I know that $A$ is the derivative of $f$ thus $A=(-\sin t, \cos t)$. But when I substitute this in the equation I get that:

$$\lim \cfrac{\|(\cos t,\sin t)-(\cos\xi,\sin\xi)-(-\sin(t-\xi),\cos(t-\xi))\|}{\|t-\xi\|} = $$
$$\lim \cfrac{\|(\cos t - \cos\xi + \sin(t-\xi), \sin t-\sin\xi-\cos(t-\xi))\|}{\|t-\xi\|} = $$
$$\lim\cfrac{\|(\cos t - \cos\xi + \sin t\cos\xi-\cos t\sin\xi, \sin t- \sin\xi - \cos t\cos\xi-\sin t\sin\xi)\|}{\|t-\xi\|}$$
I don't really know where to go from here can anyone help me with this?

  • 2
    $\begingroup$ You might simply prove that a function $t\longmapsto \bigl(f(t),g(t)\bigr)$ from $\mathbf R$ to $\mathbf R^2$ is differentiable if and only if each coordinate function $f(t),\,g(t)$ is differentiable. $\endgroup$
    – Bernard
    Sep 23, 2017 at 10:22
  • $\begingroup$ Yes but I also have to show that $A=f'$ so I assumed I had to use this formula, seeing that when the limit is zero it follows that A is the derivative $\endgroup$ Sep 23, 2017 at 10:26
  • 1
    $\begingroup$ I'm sorry but $f'=A$ is the definition of $f'$. You don't have to prove it.
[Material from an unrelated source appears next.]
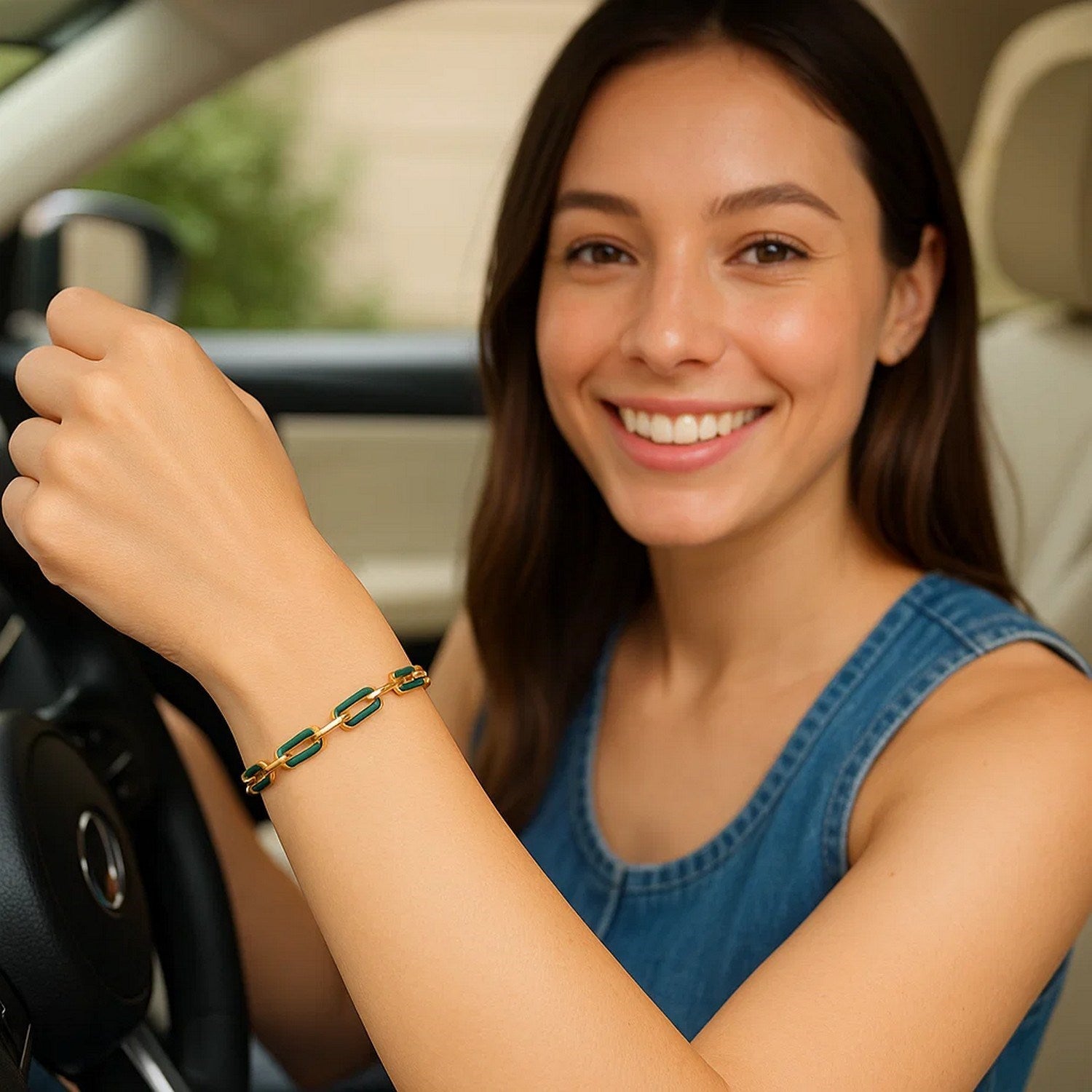 14k Yellow Gold Malachite Paperclip Gem Link Bracelet (7.00 mm)

You have to prove the existence of such an $A$. $\endgroup$
    – Bernard
    Sep 23, 2017 at 10:32

2 Answers 2


You are misunderstanding what $A(t-\xi)$ means. When you write $A = (-\sin t,\cos t)$, $Ax$ does not mean $(-\sin x,\cos x)$! That function is not even linear. $A = (-\sin t,\cos t)$ is just a matrix representation of linear operator $A$, and in that sense it should actually be $$A=\begin{pmatrix} -\sin t\\ \cos t\end{pmatrix}$$

and $Ax$ should be evaluated by matrix multiplication:

$$Ax = \begin{pmatrix} -\sin t\\ \cos t\end{pmatrix}x = \begin{pmatrix} -x\sin t\\ x\cos t\end{pmatrix},$$ or treating $A$ as linear operator again (and not matrix representation), $Ax = (-x\sin t,x\cos t)$.
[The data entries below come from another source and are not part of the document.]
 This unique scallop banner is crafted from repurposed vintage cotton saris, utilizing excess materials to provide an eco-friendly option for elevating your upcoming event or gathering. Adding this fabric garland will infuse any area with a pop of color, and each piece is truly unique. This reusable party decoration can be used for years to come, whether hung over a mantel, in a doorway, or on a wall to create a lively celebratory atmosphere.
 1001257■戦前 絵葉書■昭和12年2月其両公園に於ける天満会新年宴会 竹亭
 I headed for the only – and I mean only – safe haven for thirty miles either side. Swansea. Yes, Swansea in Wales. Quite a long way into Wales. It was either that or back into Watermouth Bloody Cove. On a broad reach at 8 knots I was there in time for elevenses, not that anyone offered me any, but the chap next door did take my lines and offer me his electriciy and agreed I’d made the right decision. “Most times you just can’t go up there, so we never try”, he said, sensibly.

Now $$\frac{f(t+h)-f(t)}{h}=(\frac{f_1(t+h)-f_1(t)}{h},\frac{f_2(t+h)-f_2(t)}{h})$$

So let $t_0 \in \mathbb{R}, \epsilon>0$ and assume that $\lim_{h \to 0}\frac{f_1(t_0+h)-f_1(t_0)}{h}=y_1=f_1'(t_0)$ and $\lim_{h \to 0}\frac{f_2(t_0+h)-f_2(t_0)}{h}=y_2=f_2'(t_0)$

Thus exists $\delta_1>0$ such that if $|h|< \delta_1$ then $|\frac{f_1(t_0+h)-f_1(t_0)}{h}-f_1'(t_0)|< \frac{\epsilon}{2}$

Also exists $\delta_2>0$ such that if $|h|<\delta_2$ then $|\frac{f_2(t_0+h)-f_2(t_0)}{h}-f_2'(t_0)| < \frac{\epsilon}{2}$

Take $\delta=\min\{\delta_1,\delta_2\}$ and you will have that $$|h|<\delta \Rightarrow ||\frac{f(t_0+h)-f(t_0)}{h}-(y_1,y_2)||_2=\sqrt{(\frac{f_1(t_0+h)-f_1(t_0)}{h}-y_1)^2+(\frac{f_2(t_0+h)-f_2(t_0)}{h}-y_2)^2}< \sqrt{\frac{\epsilon^2}{2}}<\epsilon \Rightarrow \text{f is differentiable at $t_0$}$$

So using this and the fact that $\sin{t},\cos{t}$ are differentiable everywhere,you can prove that $f$ is differentiable.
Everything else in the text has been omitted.